-- DATASET EXCERPT --

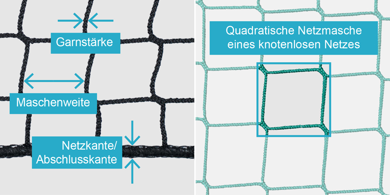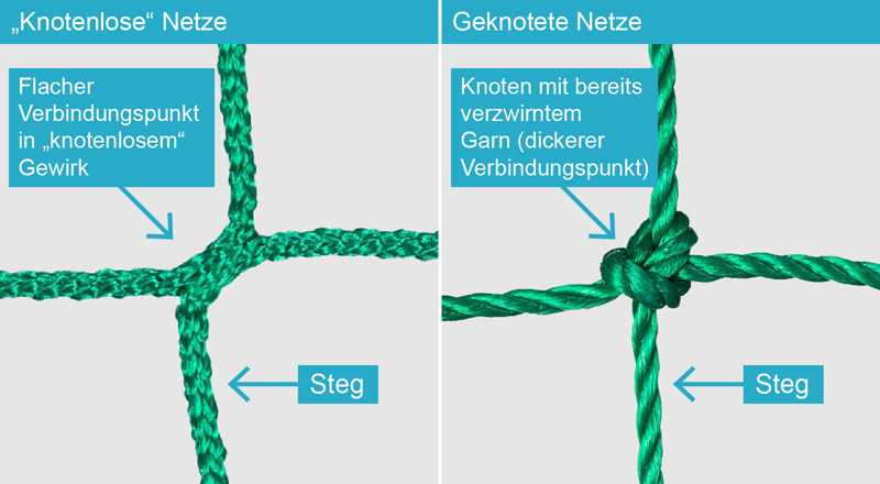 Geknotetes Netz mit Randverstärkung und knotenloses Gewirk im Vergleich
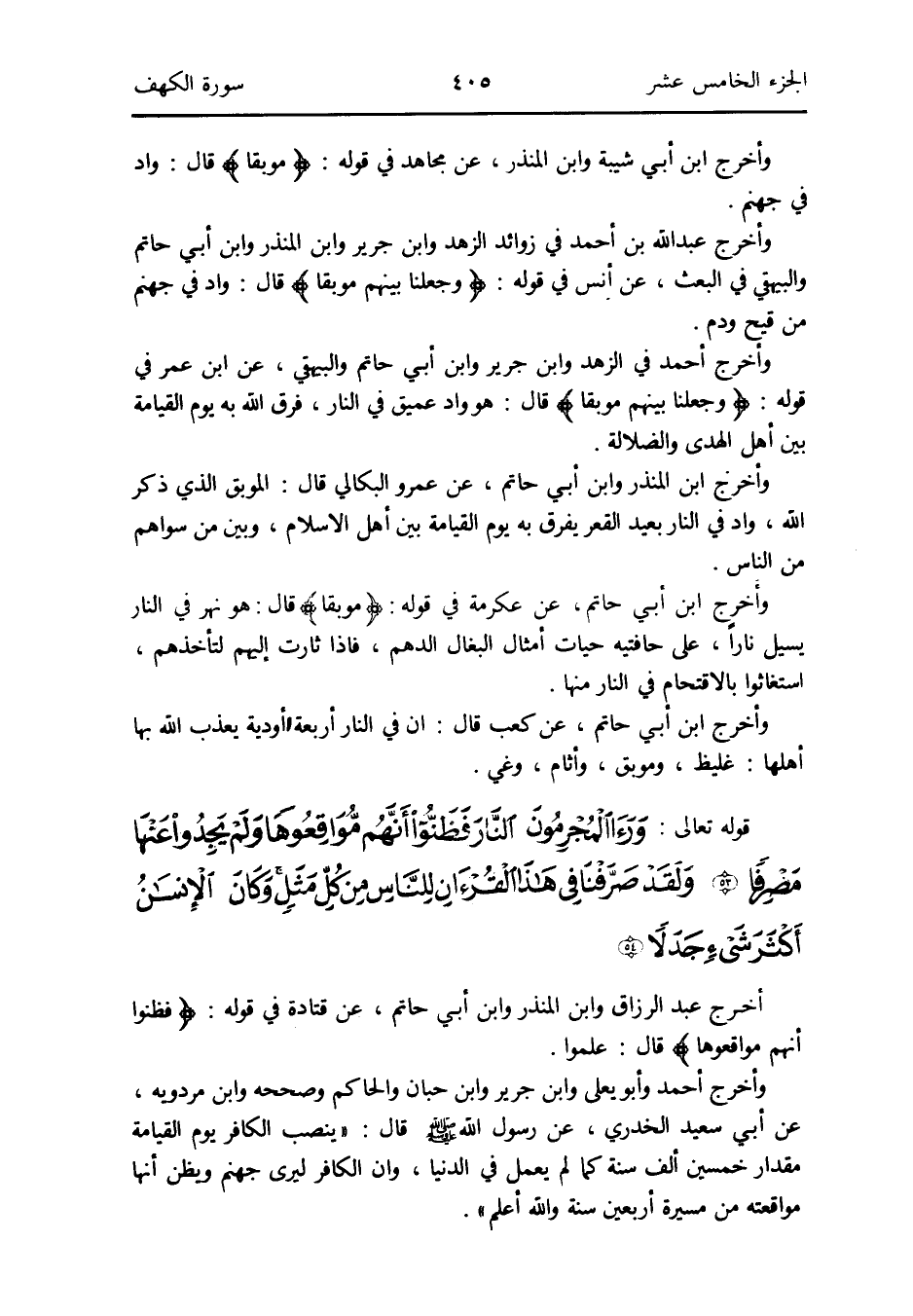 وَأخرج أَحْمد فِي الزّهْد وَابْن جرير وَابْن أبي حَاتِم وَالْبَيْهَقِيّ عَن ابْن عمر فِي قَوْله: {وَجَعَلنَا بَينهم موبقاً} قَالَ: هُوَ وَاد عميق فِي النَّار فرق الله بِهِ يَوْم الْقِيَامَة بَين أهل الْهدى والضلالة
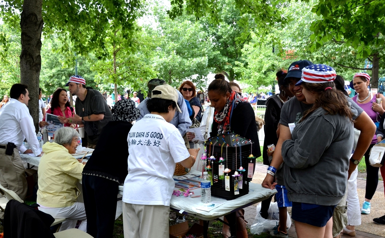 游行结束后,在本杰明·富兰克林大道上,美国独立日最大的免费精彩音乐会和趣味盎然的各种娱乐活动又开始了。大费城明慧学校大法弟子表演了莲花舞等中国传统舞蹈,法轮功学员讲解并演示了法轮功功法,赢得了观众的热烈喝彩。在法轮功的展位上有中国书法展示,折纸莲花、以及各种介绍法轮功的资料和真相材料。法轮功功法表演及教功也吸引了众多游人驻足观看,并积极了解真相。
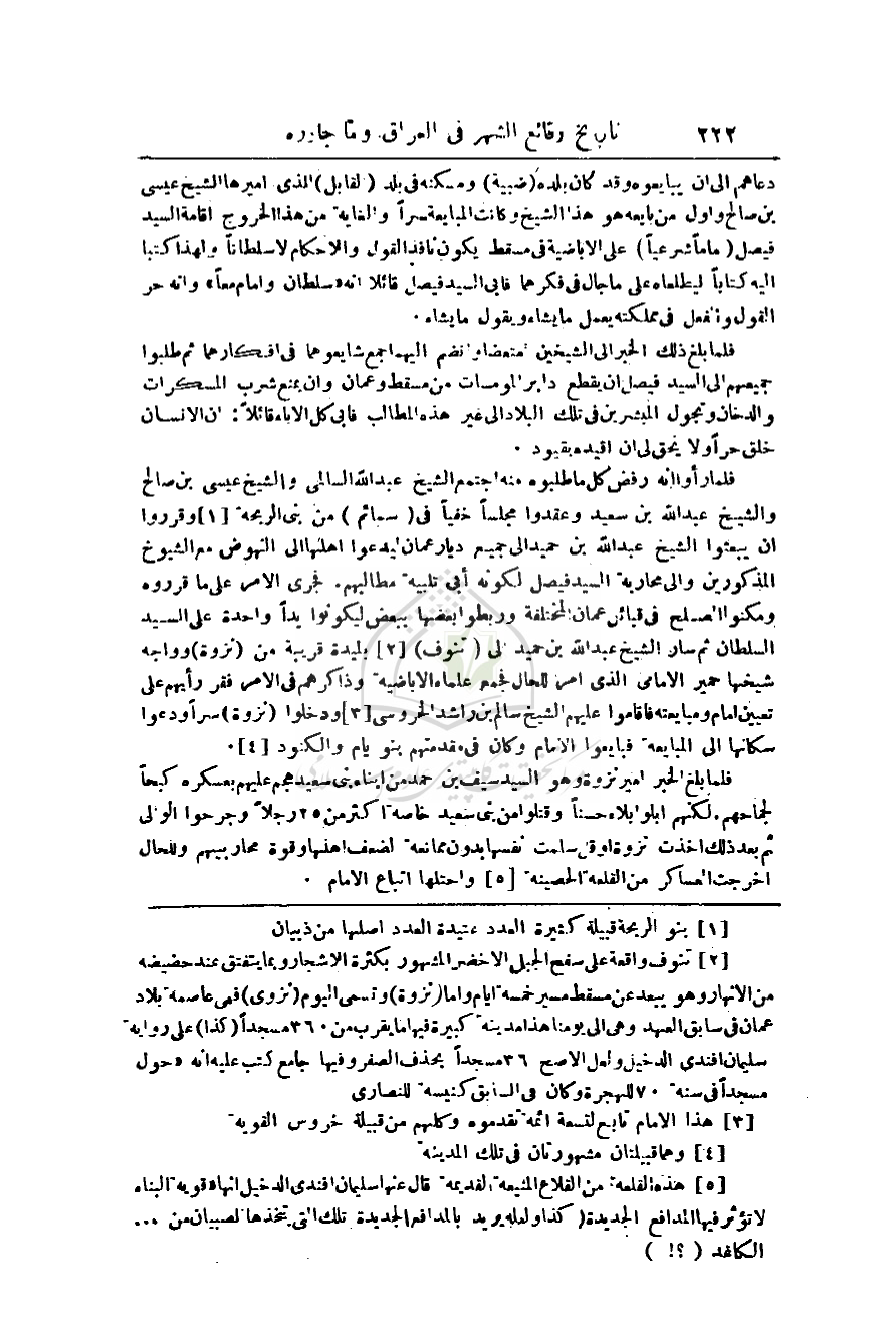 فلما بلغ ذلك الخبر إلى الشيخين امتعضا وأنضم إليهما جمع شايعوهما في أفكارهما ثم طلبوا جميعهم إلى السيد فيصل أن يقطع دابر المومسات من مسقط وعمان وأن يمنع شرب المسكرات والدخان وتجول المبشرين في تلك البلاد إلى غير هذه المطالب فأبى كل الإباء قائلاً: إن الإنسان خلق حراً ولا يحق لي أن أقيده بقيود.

-- ABOUT THIS TASK --
Starting at the first line of the data, set down each line exactly until you have copied the line with "游行结束后,在本杰明·富兰克", but leave the pictures out.

-- FINAL ANSWER --
 Geknotetes Netz mit Randverstärkung und knotenloses Gewirk im Vergleich
 وَأخرج أَحْمد فِي الزّهْد وَابْن جرير وَابْن أبي حَاتِم وَالْبَيْهَقِيّ عَن ابْن عمر فِي قَوْله: {وَجَعَلنَا بَينهم موبقاً} قَالَ: هُوَ وَاد عميق فِي النَّار فرق الله بِهِ يَوْم الْقِيَامَة بَين أهل الْهدى والضلالة
 游行结束后,在本杰明·富兰克林大道上,美国独立日最大的免费精彩音乐会和趣味盎然的各种娱乐活动又开始了。大费城明慧学校大法弟子表演了莲花舞等中国传统舞蹈,法轮功学员讲解并演示了法轮功功法,赢得了观众的热烈喝彩。在法轮功的展位上有中国书法展示,折纸莲花、以及各种介绍法轮功的资料和真相材料。法轮功功法表演及教功也吸引了众多游人驻足观看,并积极了解真相。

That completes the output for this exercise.